On 20/06/12 16:37, Manu wrote:
On 20 June 2012 17:15, Don Clugston <[email protected]
<mailto:[email protected]>> wrote:

    On 20/06/12 13:22, Manu wrote:

        I find optimisers are very good at code simplification, assuming
        that

        you massage the code/expressions to neatly match any
        architectural quirks.
        I also appreciate that good x86 code is possibly the hardest
        architecture for an optimiser to get right...


    Optimizers improved enormously during the 80's and 90's, but the
    rate of improvement seems to have slowed.

    With x86, out-of-order execution has made it very easy to get
    reasonably good code, and much harder to achieve perfection. Still,
    Core i7 is much easier than Core2, since Intel removed one of the
    most complicated bottlenecks (on core2 and earlier there is a max 3
    reads per cycle, of registers you haven't written to in the previous
    3 cycles).


Yeah okay, I can easily imagine the complexity for an x86 codegen.
RISC architectures are so much more predictable.
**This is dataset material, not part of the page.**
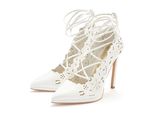 Entdecke die LASCANA Belle Affaire Stiletto Pump in strahlendem Weiß – ein Schuh, der alle Blicke auf sich zieht. Das filigrane florale Laser-Cut-Design verleiht diesen Schnürpumps eine einzigartige und elegante Note, die jeden Look aufwertet. Mit einer souveränen Absatzhöhe von 11,5 cm und einem 1 cm hohen Plateau entsteht eine anmutige Silhouette, die zugleich Stabilität und Komfort bietet – perfekt für besondere Anlässe, elegante Events oder um schlichte Outfits stilvoll zu akzentuieren. +
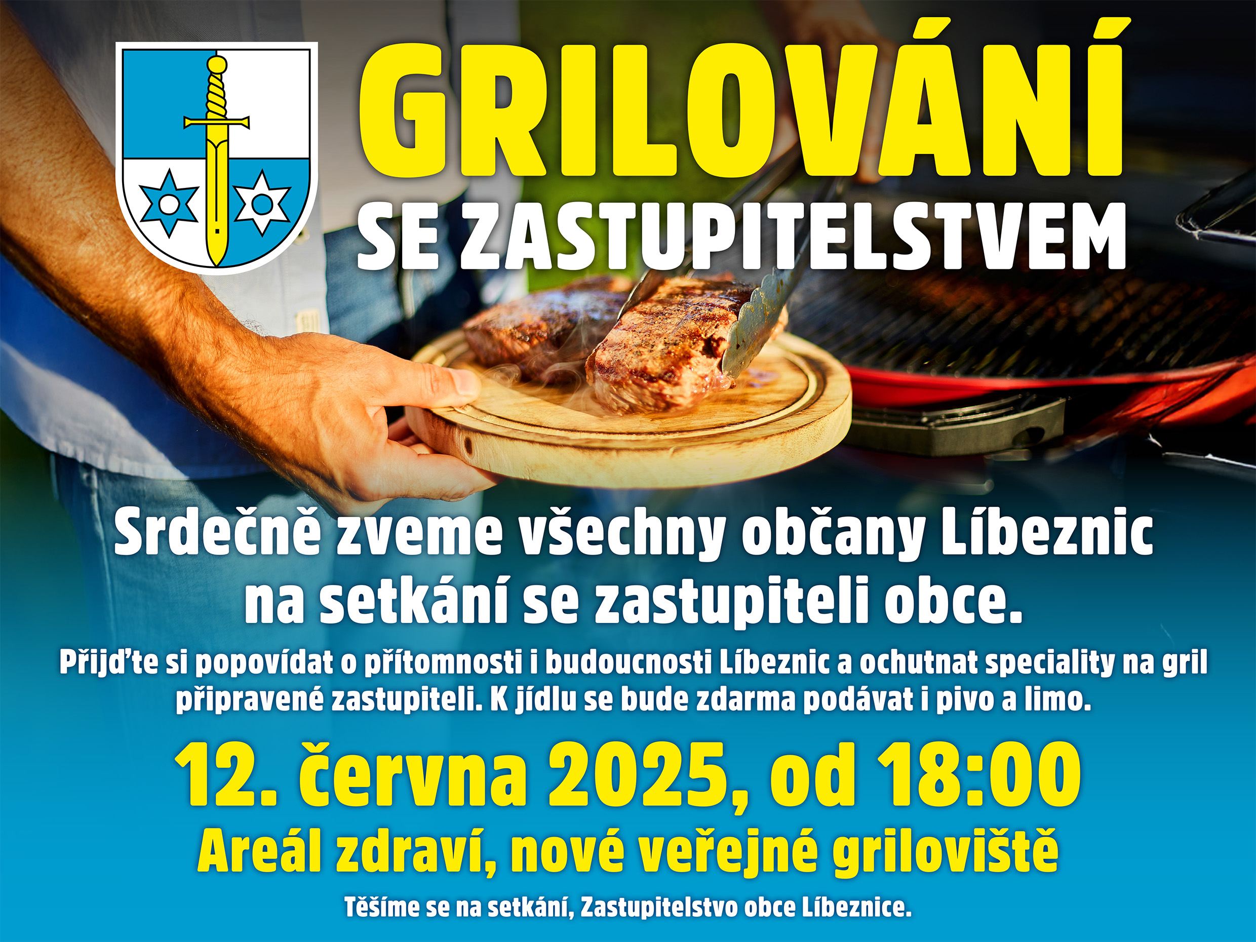 Zastupitelé obce Líbeznice vás srdečně zvou na setkání spojené s grilováním, které se uskuteční 12.6. 2025 od 18.00 na novém grilovišti v Areálu zdraví. Přijďte si popovídat o současnosti i budoucnosti Líbeznic a přitom ochutnat speciality na gril připravené zastupiteli. K jídlu se bude zdarma podávat i pivo a limo.

How do you define 'perfection'? Performance as measured on what
particular machine? :)

The theoretical limit for a particular architecture. Eg in BigInt, the most crucial functions an integer multiply in each loop iteration. Since the machine only has one integer multiply unit, it is impossible to do better than one multiply per cycle. If you've achieved that, it's perfect. If the processors are different enough you may also need a separate branch for different processors.